# Brief
The entries that follow must be given again exactly, with no pictures kept.

Extracted information section start

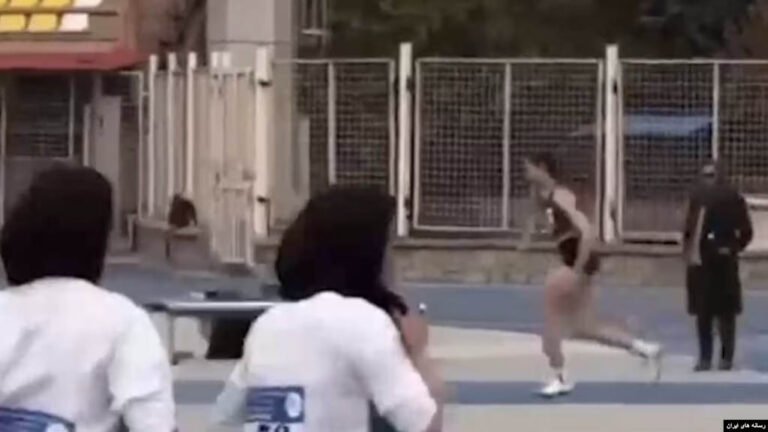 این تصاویر که در فضای مجازی منتشر شد، نشان میداد که این ورزشکار قزاقستانی با شورت و لباس استاندارد مسابقات دوومیدانی، در کنار زنان ورزشکار ایرانی با پوشش اجباری مرسوم در جمهوری اسلامی، در حال مسابقه بود.
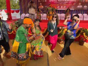 આ પતંગ મહોત્સવમાં રાજકોટના મેયર, સાંસદ, ધારાસભ્યો અને મનપાના પદાધિકારીઓ ઉપસ્થિત રહ્યા હતા. મેયર ડો.પ્રદીપ ડવે જણાવ્યું હતું કે, આજે રાજકોટ મહાનગરપાલિકા અને ગુજરાત સ્ટેટ ટૂરિઝમ વિભાગ દ્વારા રાજકોટ શહેરમાં આંતરાષ્ટ્રીય પતંગ મહોત્સવની ખૂબ ભવ્ય ઉજવણી ધર્મેન્દ્રસિંહજી કોલેજ ખાતે કરવામાં આવી રહી છે. 16 થી વધુ દેશ, ભારતના 7 રાજ્યોના 160થી વધુ પતંગવીરોએ પતંગ મહોત્સવમાં ભાગ લીધો છે.અલગ અલગ 16 દેશમાંથી આ પતંગ મહોત્સવમાં ભાગ લેવા આવેલા પતંગબાજોએ પતંગ ઉડાવી આનંદ માણ્યો હતો. તેમજ વિદેશી યુવતીઓ ગુજરાતની ઓળખસામા રાસ-ગરબા રમી હતી. જેમાં યુવતીઓ રંગબેરંગી છત્રી સાથે ગરબે ઘૂમી હતી.
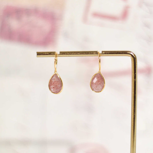 10 x 7 mm Pear cut Pink Strawberry Quartz Hook Earrings
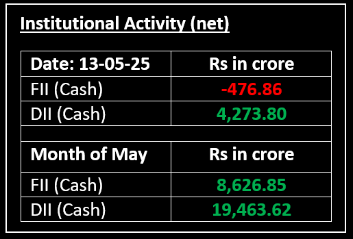 On May 13, benchmark indices faced a round of profit-booking, following the record rally from the previous day, with the Nifty 50 slipping below key levels. The momentum shift was driven by cautious market sentiment as traders took profits after a strong run.
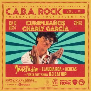 Las 73 primaveras del ícono del rock argentino Charly García se celebrarán en grande. Un impactante show en vivo repasará la carrera del ídolo, pasando por Serú Girán, Sui Generis, La Máquina de hacer Pájaros, y por supuesto su imperecedera etapa solista. La banda “Y que siga la melodía”, reconocida en la escena por su reinterpretación y apego a la obra de Charly, junto con la eximia pianista Claudia Roa, y el saxo de Keko Hermosilla,serán quienes tengan la misión de representar las inconfundibles sensaciones que provoca Charly. El ultrabailable irá por parte de DJ Catnip. Una noche inolvidable que incluye rock, psicodelia, nostalgia, mucho baile, brillo show.
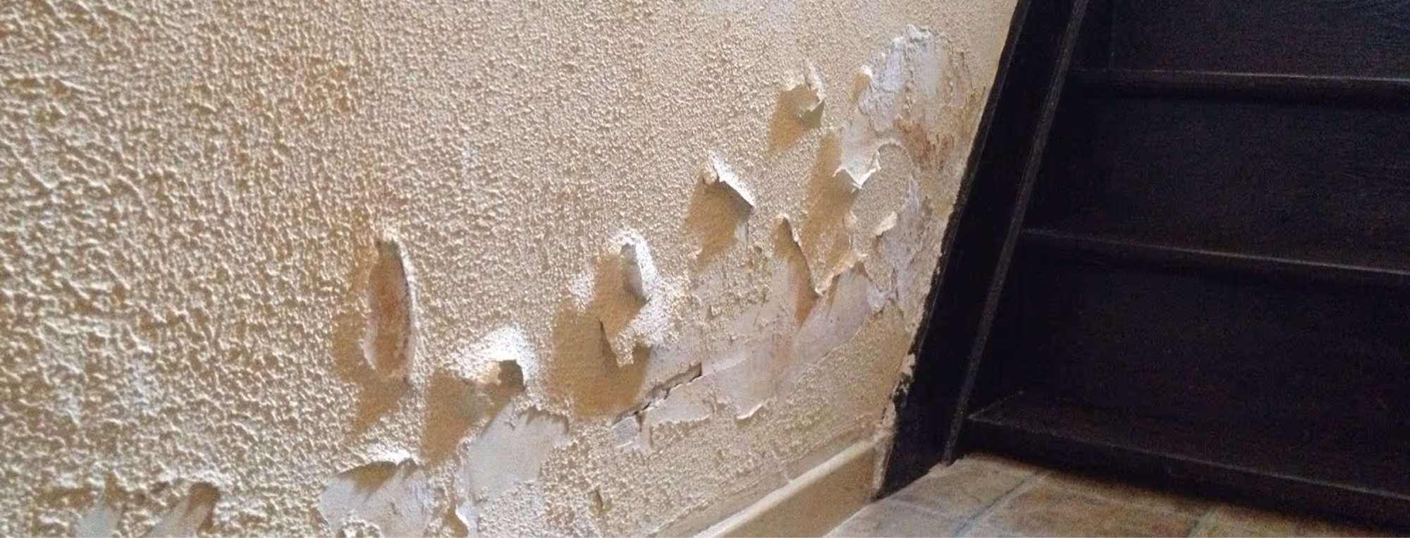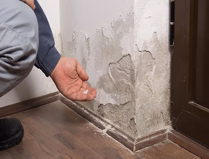Je ziet meestal afbladderende verf, vochtige plinten of zouten in de muur.
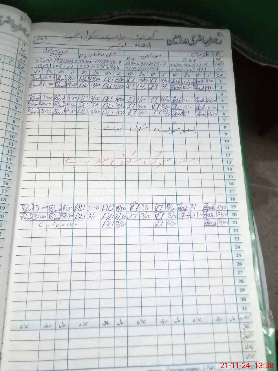 | Name: Mu**** Hu**** Designation: (School Headmaster's/Headmistress's) PST Phone/Cell Number: 03**** |
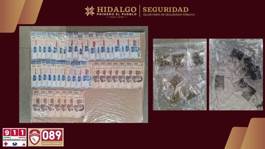 En el vehículo se localizaron diversas dosis de droga, 22 mil 500 pesos en efectivo y un equipo de telefonía celular que podría estar relacionado con la coordinación de estas actividades ilícitas.
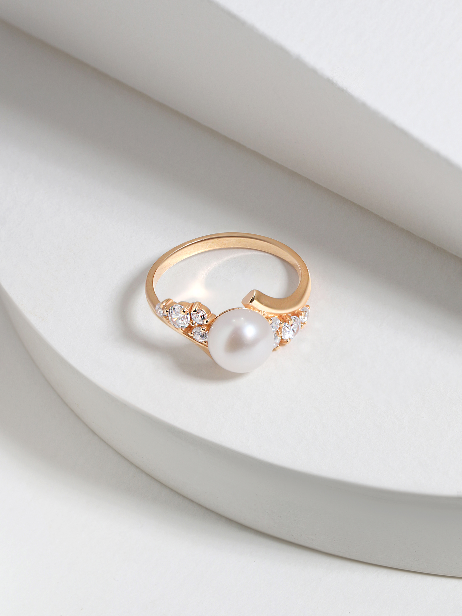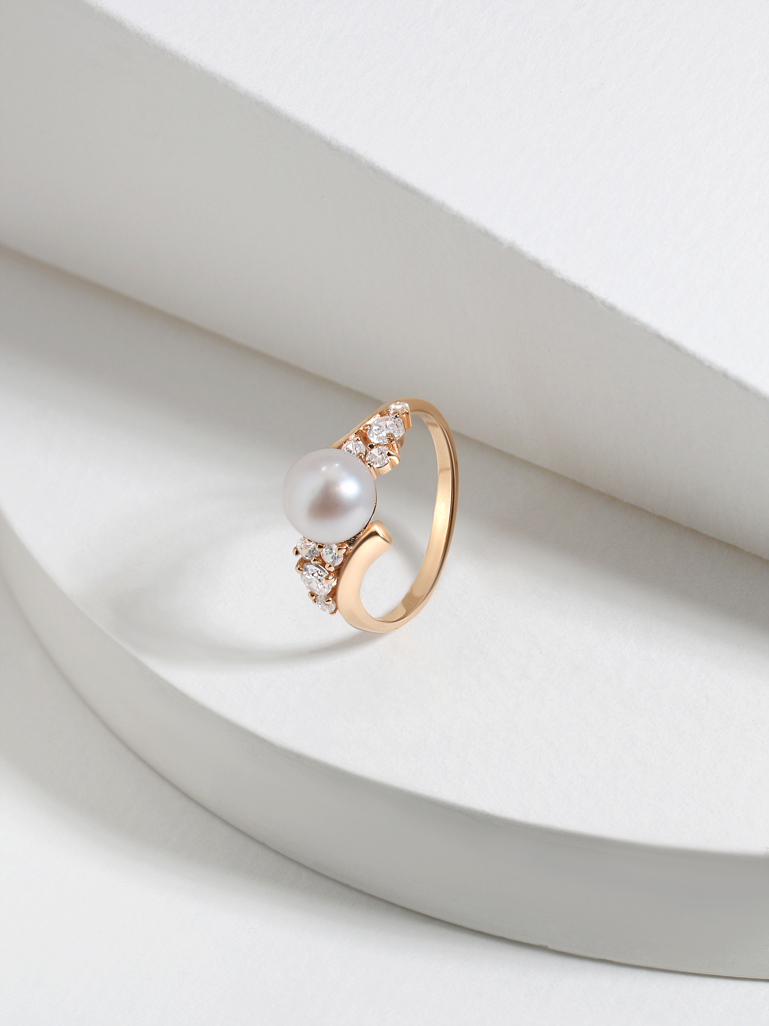 Кольцо из золочёного серебра с культ. белым жемчугом и фианитами

Extracted information section end

# Output for this exercise
 این تصاویر که در فضای مجازی منتشر شد، نشان میداد که این ورزشکار قزاقستانی با شورت و لباس استاندارد مسابقات دوومیدانی، در کنار زنان ورزشکار ایرانی با پوشش اجباری مرسوم در جمهوری اسلامی، در حال مسابقه بود.
 આ પતંગ મહોત્સવમાં રાજકોટના મેયર, સાંસદ, ધારાસભ્યો અને મનપાના પદાધિકારીઓ ઉપસ્થિત રહ્યા હતા. મેયર ડો.પ્રદીપ ડવે જણાવ્યું હતું કે, આજે રાજકોટ મહાનગરપાલિકા અને ગુજરાત સ્ટેટ ટૂરિઝમ વિભાગ દ્વારા રાજકોટ શહેરમાં આંતરાષ્ટ્રીય પતંગ મહોત્સવની ખૂબ ભવ્ય ઉજવણી ધર્મેન્દ્રસિંહજી કોલેજ ખાતે કરવામાં આવી રહી છે. 16 થી વધુ દેશ, ભારતના 7 રાજ્યોના 160થી વધુ પતંગવીરોએ પતંગ મહોત્સવમાં ભાગ લીધો છે.અલગ અલગ 16 દેશમાંથી આ પતંગ મહોત્સવમાં ભાગ લેવા આવેલા પતંગબાજોએ પતંગ ઉડાવી આનંદ માણ્યો હતો. તેમજ વિદેશી યુવતીઓ ગુજરાતની ઓળખસામા રાસ-ગરબા રમી હતી. જેમાં યુવતીઓ રંગબેરંગી છત્રી સાથે ગરબે ઘૂમી હતી.
 10 x 7 mm Pear cut Pink Strawberry Quartz Hook Earrings
 On May 13, benchmark indices faced a round of profit-booking, following the record rally from the previous day, with the Nifty 50 slipping below key levels. The momentum shift was driven by cautious market sentiment as traders took profits after a strong run.
 Las 73 primaveras del ícono del rock argentino Charly García se celebrarán en grande. Un impactante show en vivo repasará la carrera del ídolo, pasando por Serú Girán, Sui Generis, La Máquina de hacer Pájaros, y por supuesto su imperecedera etapa solista. La banda “Y que siga la melodía”, reconocida en la escena por su reinterpretación y apego a la obra de Charly, junto con la eximia pianista Claudia Roa, y el saxo de Keko Hermosilla,serán quienes tengan la misión de representar las inconfundibles sensaciones que provoca Charly. El ultrabailable irá por parte de DJ Catnip. Una noche inolvidable que incluye rock, psicodelia, nostalgia, mucho baile, brillo show.
Je ziet meestal afbladderende verf, vochtige plinten of zouten in de muur.
 | Name: Mu**** Hu**** Designation: (School Headmaster's/Headmistress's) PST Phone/Cell Number: 03**** |
 En el vehículo se localizaron diversas dosis de droga, 22 mil 500 pesos en efectivo y un equipo de telefonía celular que podría estar relacionado con la coordinación de estas actividades ilícitas.
 Кольцо из золочёного серебра с культ. белым жемчугом и фианитами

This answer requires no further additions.